Stored items

------------------------------------------------------------------------

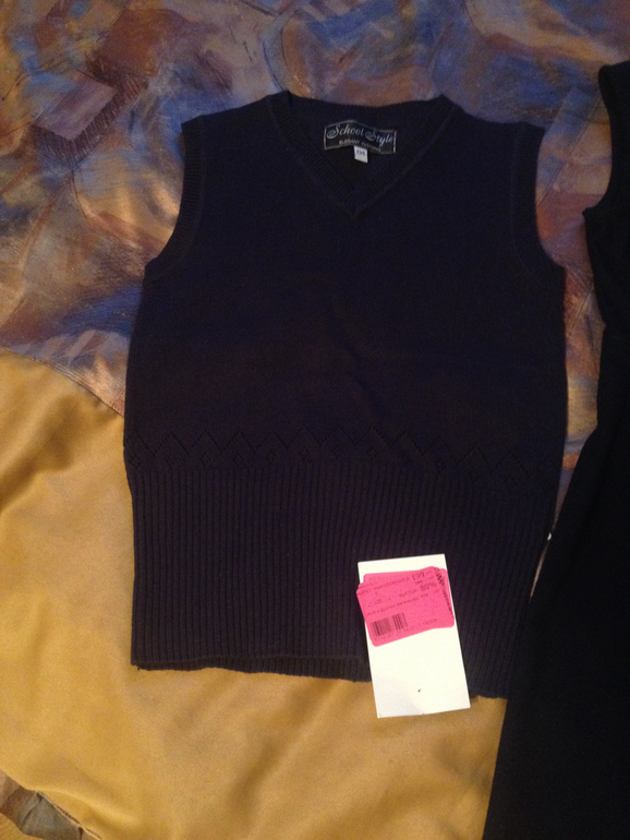 в ривьере в фамилии висят черные вязаные жилетки девочкам 134-146 по 169р одна черная вяз.на пуговицах кофта черная р.140. вроде 200-300р? шапка на мальчика бело-голубая тавитта 48-50 осень 169р. комбез розовый 86 ткань похож на мембрану 1600р хол.осень
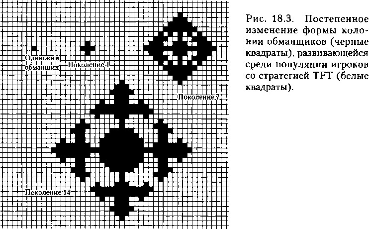 Вначале Аксельрод хотел применить эту плоскостную модель для изучения конкретных ситуаций, связанных с распределением стратегий. Подход позволяет визуально моделировать процессы захвата, обороны, образования границ и т.д., что представлялось интересным и наглядным. Аксельроду удалось показать, что при некоторых значениях размера выигрыша даже один обманщик способен распространить свое влияние на все сообщество TFT-игроков, т.е. навязать всем игрокам новый тип стратегий, основанных на обмане. Интересно, что образующиеся при этом колонии обманщиков имеют правильную и довольно сложную геометрическую форму, напоминающую снежинки (рис. 18.3).
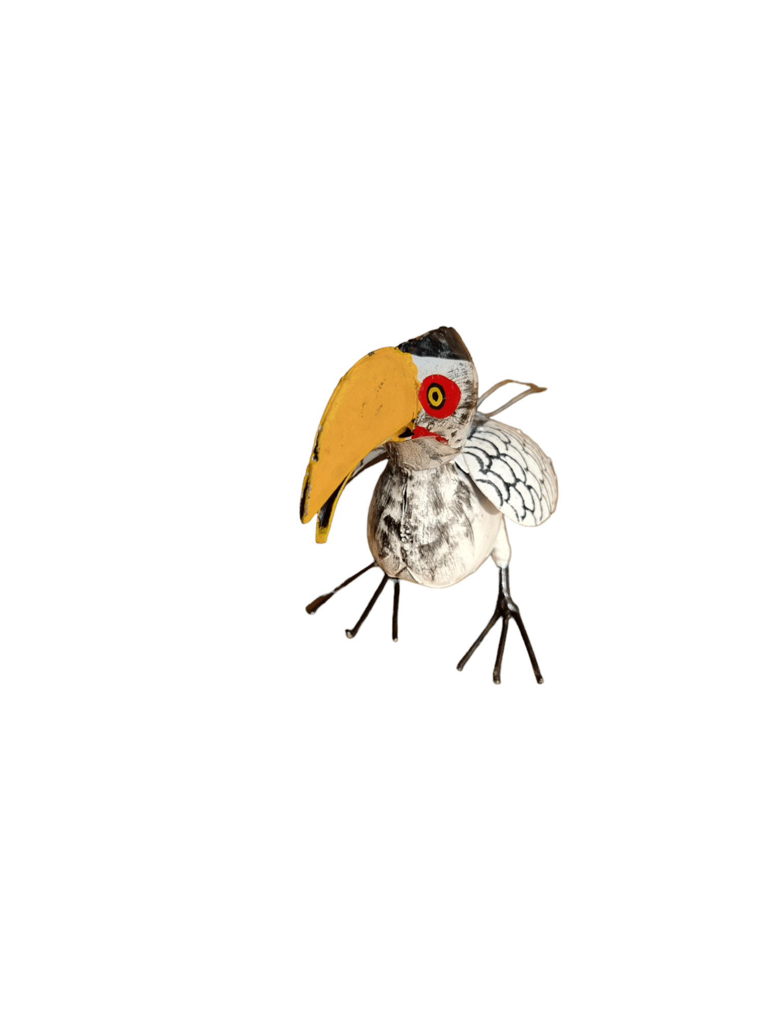 Deze handgemaakte metalen neushoornvogel van 32 cm is een eerlijk Fairtrade product dat sfeer en karakter combineert. Het unieke ontwerp valt op door de grote gele snavel, de felrode accenten rond de ogen en de artistieke zwart-witte beschildering op het metalen lichaam. Een duurzaam en vrolijk decoratiestuk dat door zijn ambachtelijke uitstraling een bijzondere plek verdient in elk interieur.
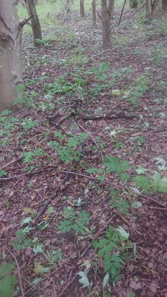 This was a few years ago, an attempt to create a colour-matched pattern using a desert DPM base. A mix of grey and brown spray paints helped create a very miserable looking “dead suit” which works well in extremely brown winter environments and mud but struggles in spring and autumn to break up the shape. The left arm here blends well with very little 3D but note how much green still exists in the background.
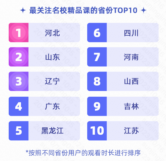 根据不同省份用户的观看时长,报告中也展现了一组有意思的数字。其中,在最关注名校精品课的省份中,从直播观看时长来看,河北、山东、辽宁、广东、黑龙江、四川、河南、山西、吉林、江苏位列TOP 10。
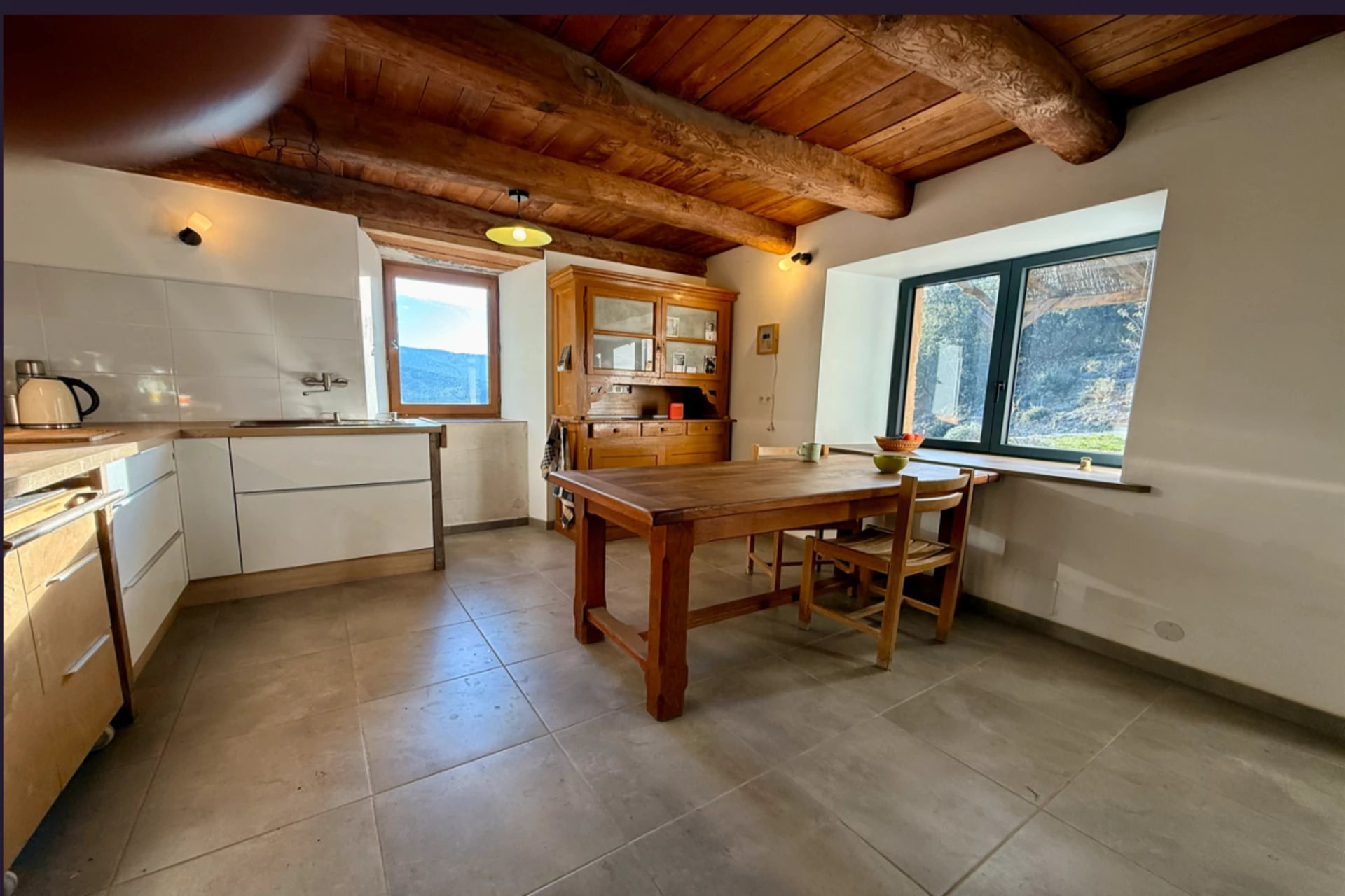 Your main residence includes: a separate equipped kitchen, a living room, and a bathroom on the terrace level.

------------------------------------------------------------------------

* _The problem_
Reproduce word for word the lines running from the line with "This was a few" through the end of the data, both included, and nothing else; leave out the pictures.

* _Response to the exercise_
 This was a few years ago, an attempt to create a colour-matched pattern using a desert DPM base. A mix of grey and brown spray paints helped create a very miserable looking “dead suit” which works well in extremely brown winter environments and mud but struggles in spring and autumn to break up the shape. The left arm here blends well with very little 3D but note how much green still exists in the background.
 根据不同省份用户的观看时长,报告中也展现了一组有意思的数字。其中,在最关注名校精品课的省份中,从直播观看时长来看,河北、山东、辽宁、广东、黑龙江、四川、河南、山西、吉林、江苏位列TOP 10。
 Your main residence includes: a separate equipped kitchen, a living room, and a bathroom on the terrace level.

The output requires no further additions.